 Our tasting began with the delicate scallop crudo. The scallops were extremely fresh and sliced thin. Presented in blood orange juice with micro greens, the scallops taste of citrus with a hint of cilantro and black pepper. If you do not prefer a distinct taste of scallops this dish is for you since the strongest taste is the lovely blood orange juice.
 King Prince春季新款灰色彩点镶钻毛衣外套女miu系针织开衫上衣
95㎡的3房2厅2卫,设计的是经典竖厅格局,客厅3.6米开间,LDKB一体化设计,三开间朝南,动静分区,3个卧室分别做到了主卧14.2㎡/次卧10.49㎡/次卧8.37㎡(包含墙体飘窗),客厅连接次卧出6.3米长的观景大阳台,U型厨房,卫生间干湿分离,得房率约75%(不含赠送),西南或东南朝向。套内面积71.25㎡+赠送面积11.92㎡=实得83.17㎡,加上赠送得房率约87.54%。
---
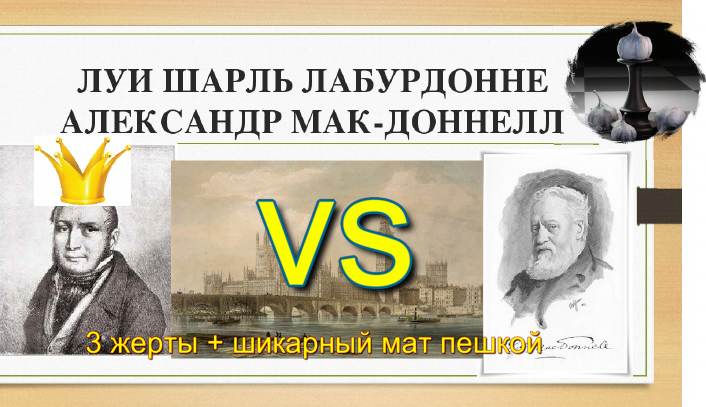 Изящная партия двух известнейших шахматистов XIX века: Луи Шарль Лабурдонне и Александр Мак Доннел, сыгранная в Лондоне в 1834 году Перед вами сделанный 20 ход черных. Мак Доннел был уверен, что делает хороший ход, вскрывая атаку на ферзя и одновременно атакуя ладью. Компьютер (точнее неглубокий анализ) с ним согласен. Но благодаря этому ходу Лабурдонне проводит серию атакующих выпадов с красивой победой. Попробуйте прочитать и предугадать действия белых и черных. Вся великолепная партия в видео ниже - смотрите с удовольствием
--
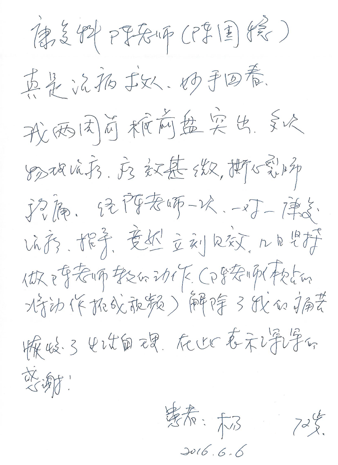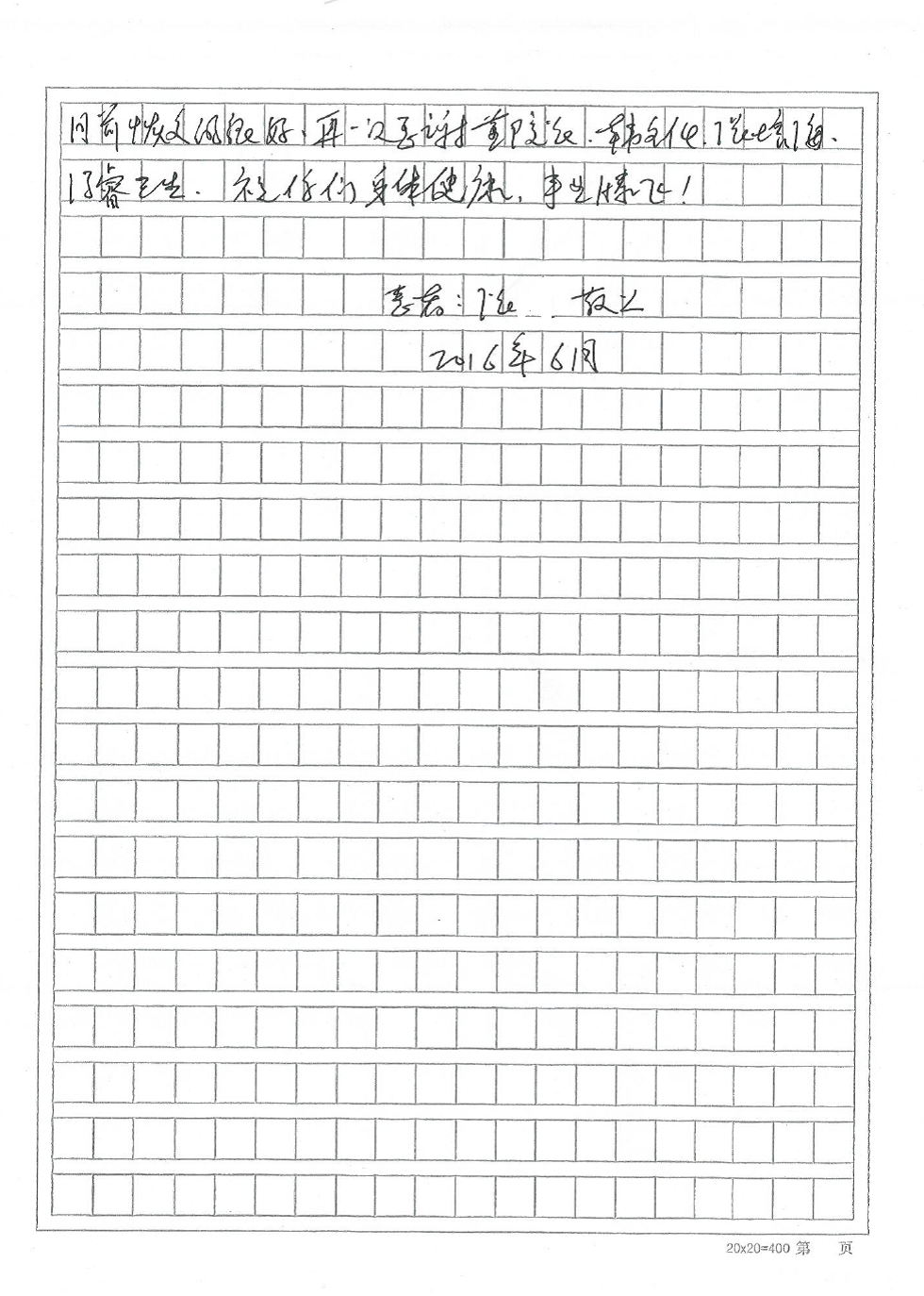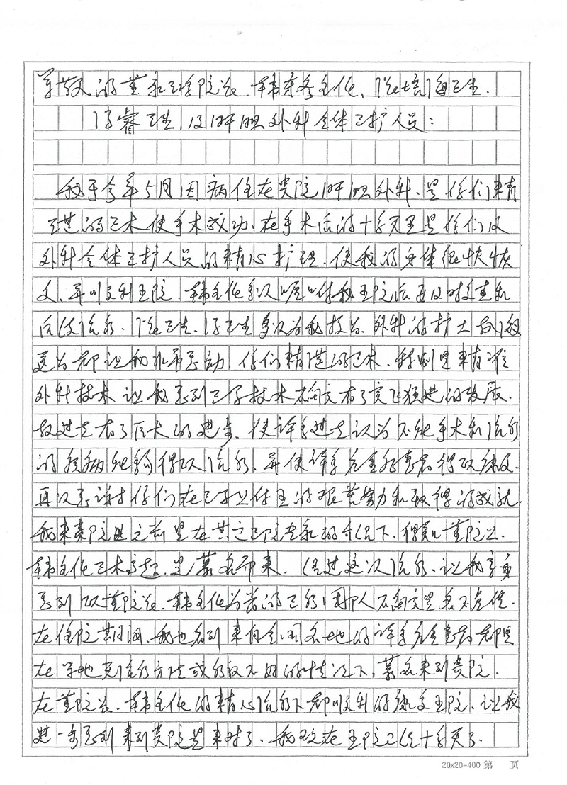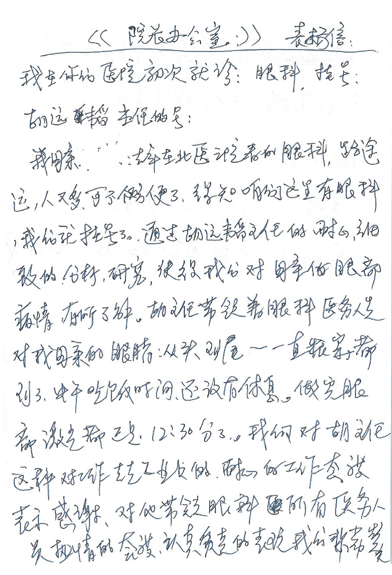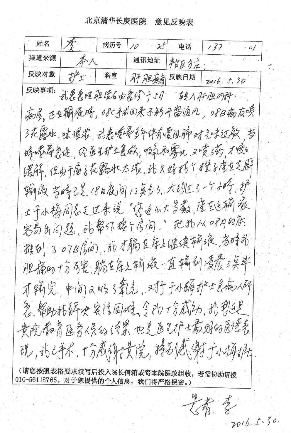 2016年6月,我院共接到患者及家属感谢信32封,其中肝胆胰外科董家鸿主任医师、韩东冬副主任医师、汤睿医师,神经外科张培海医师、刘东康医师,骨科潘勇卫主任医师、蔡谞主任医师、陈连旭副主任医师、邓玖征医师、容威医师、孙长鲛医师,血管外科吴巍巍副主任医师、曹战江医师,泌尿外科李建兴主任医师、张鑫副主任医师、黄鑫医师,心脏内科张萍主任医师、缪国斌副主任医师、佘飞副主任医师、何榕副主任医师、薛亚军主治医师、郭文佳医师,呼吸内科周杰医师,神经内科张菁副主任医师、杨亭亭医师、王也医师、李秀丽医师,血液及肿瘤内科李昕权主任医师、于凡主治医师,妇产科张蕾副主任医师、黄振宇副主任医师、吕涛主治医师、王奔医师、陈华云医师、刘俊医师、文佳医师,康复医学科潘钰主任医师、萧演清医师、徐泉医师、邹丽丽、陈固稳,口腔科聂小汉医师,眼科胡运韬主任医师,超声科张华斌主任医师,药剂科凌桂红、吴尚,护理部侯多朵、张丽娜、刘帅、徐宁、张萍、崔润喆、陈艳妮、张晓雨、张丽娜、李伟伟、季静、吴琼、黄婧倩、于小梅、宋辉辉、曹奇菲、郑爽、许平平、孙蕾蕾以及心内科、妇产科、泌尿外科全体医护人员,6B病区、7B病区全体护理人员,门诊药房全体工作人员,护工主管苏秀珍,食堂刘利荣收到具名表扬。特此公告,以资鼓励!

TASK TO COMPLETE:
Taking the entries above, write out exactly each line from the one holding "Our tasting began" to the one holding "95㎡的3房2厅2卫,设计的", both included, and stop there.

ANSWER:
 Our tasting began with the delicate scallop crudo. The scallops were extremely fresh and sliced thin. Presented in blood orange juice with micro greens, the scallops taste of citrus with a hint of cilantro and black pepper. If you do not prefer a distinct taste of scallops this dish is for you since the strongest taste is the lovely blood orange juice.
 King Prince春季新款灰色彩点镶钻毛衣外套女miu系针织开衫上衣
95㎡的3房2厅2卫,设计的是经典竖厅格局,客厅3.6米开间,LDKB一体化设计,三开间朝南,动静分区,3个卧室分别做到了主卧14.2㎡/次卧10.49㎡/次卧8.37㎡(包含墙体飘窗),客厅连接次卧出6.3米长的观景大阳台,U型厨房,卫生间干湿分离,得房率约75%(不含赠送),西南或东南朝向。套内面积71.25㎡+赠送面积11.92㎡=实得83.17㎡,加上赠送得房率约87.54%。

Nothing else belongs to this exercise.